In his review of Micheal Haneke's The White Ribbon, Roger Ebert wrote about how, unlike westerners, people in Asia or Africa are largely complacent about tragedy. "There is more resignation when terrible things happen," he wrote.
But Mohammad Rasoulof's Golden Bear winner There Is No Evil (2021) shows people outside the West suffering despite this complacency.
There Is No Evil comprises of four segments — each can be a short film, but this is not a Netflix anthology, thankfully — centred around the theme of the death penalty in Iran and the moral guilt (or lack thereof) in the people involved with the practice.
The film showcases the sentiments of nationals who aren't inherently vengeful but have made their peace with capital punishments taking place amidst them, just like one would tolerate a nasty sibling. The first short, at its 32nd minute, gives us perhaps the most disturbing 30 seconds this kind of a film can offer. It jerks us from the lull of everyday domesticity into horror so violently, that the flash leaves us with no time to recollect the rationality and the reasoning we delude ourselves with in order to tolerate such 'lawful' violence.
The segments also reflect various mental stages of a person (all men, in this case) involved in delivering the death penalty. The first short highlights a kind of middle-age resignation, an inertia, with the practice; the second endorses youthful rebellion, however aimless; the final two shorts hinge on the short and long-term consequences of exercising (or shunning) moral strength.
Saying more would be spoiling the film. It would be better to talk about the context in which I saw the film. There has been a string of arrests in Iran recently of some of the most internationally-renowned Iranian filmmakers, including Jafar Panahi and Mohammad Rasoulof himself. At this moment, certain jails are doused in the spirit of creative defiance.

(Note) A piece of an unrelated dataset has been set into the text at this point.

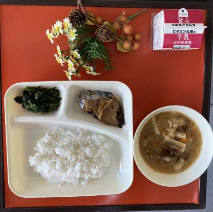 今日の給食の献立は、なまりぶしのしょうが煮、なめこのみそ汁、ほうれんそうのごまあえ、ごはん、牛乳でした。
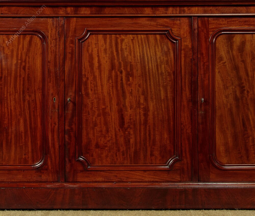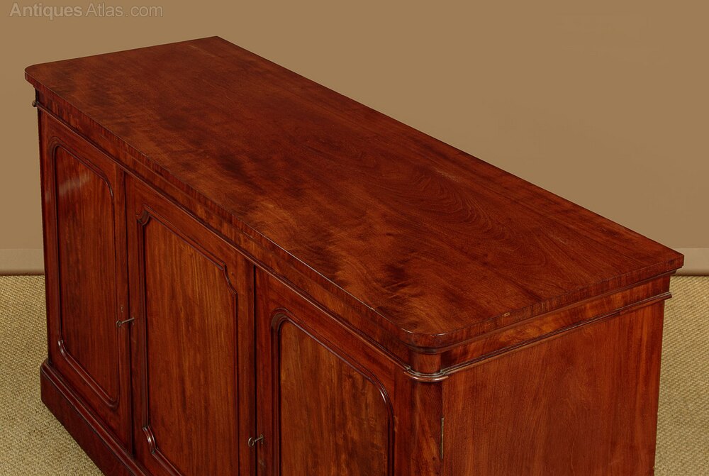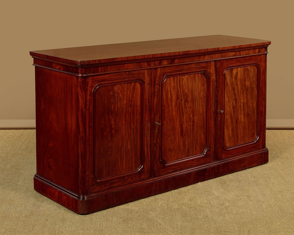 Very handsome 19th.c. English mahogany sideboard c.1870. Three cupboards (internal depth 17½") fitted inside with (from left to right) two adjustable shelves, a drawer and a single adjustable shelf, two adjustable sliding shelves. Simple uncluttered design with little applied decoration save for the crisp mouldings and the superb mahogany veneers used across the top, front and sides. Excellent colour and condition, cleaned and waxed in our workshops. Keys supplied.

Under this context, the moral dilemma of There Is No Evil becomes chillingly prescient. In all four segments of the film, while subservience to authority is met with abhorrence or ritualistic repentance, defying the same has yielded no peace or appreciation. Unlike the saviours of western cinema — from superheroes to war heroes — here, the men who refuse to pull the plug on someone's life are denied any celebration for their act.
Why resist then? The answer is simple for Ebert's westerners: we all carry a moral weight of our choices; there is no room for ambiguity here. That's why Schindler's List feels like such a simplistic film. It makes us all feel we are all on the right side of history. But in the East, we are used to the kind of moral transgressions that the West considers infrangible.
So, in the third world where many moral transgressions don't carry much weight, should refusing to facilitate capital punishment, in a system where life is disposable anyway, be called heroism? Besides, individuals anywhere, shouldn't have to carry the burden of morality completely by themselves; individuals who do pull that fatal plug can be excused, for they are just pawns in an idealistic game to chase moral perfection in society.
Or is the true motive of the 'heroes' of There Is No Evil something beyond the scope of unfussy western ethics? For these men, the refusal to participate in the ultimate, most physical show of power by a regime, is a subtle act of anarchy, born out of the impotence that citizens of all despotic regimes suffer from. It's the way to have their voices heard, to feel some freedom and to communicate the anger of the damned.
We can assume that Mohammad Rasoulof wants us to view his people without such complexities. Iran may have had a history of dispatching men who were barely men, to clear minefields during the decade-long Iran-Iraq war, but there is no deadness in its people. Many care. It is carelessness that is the true evil.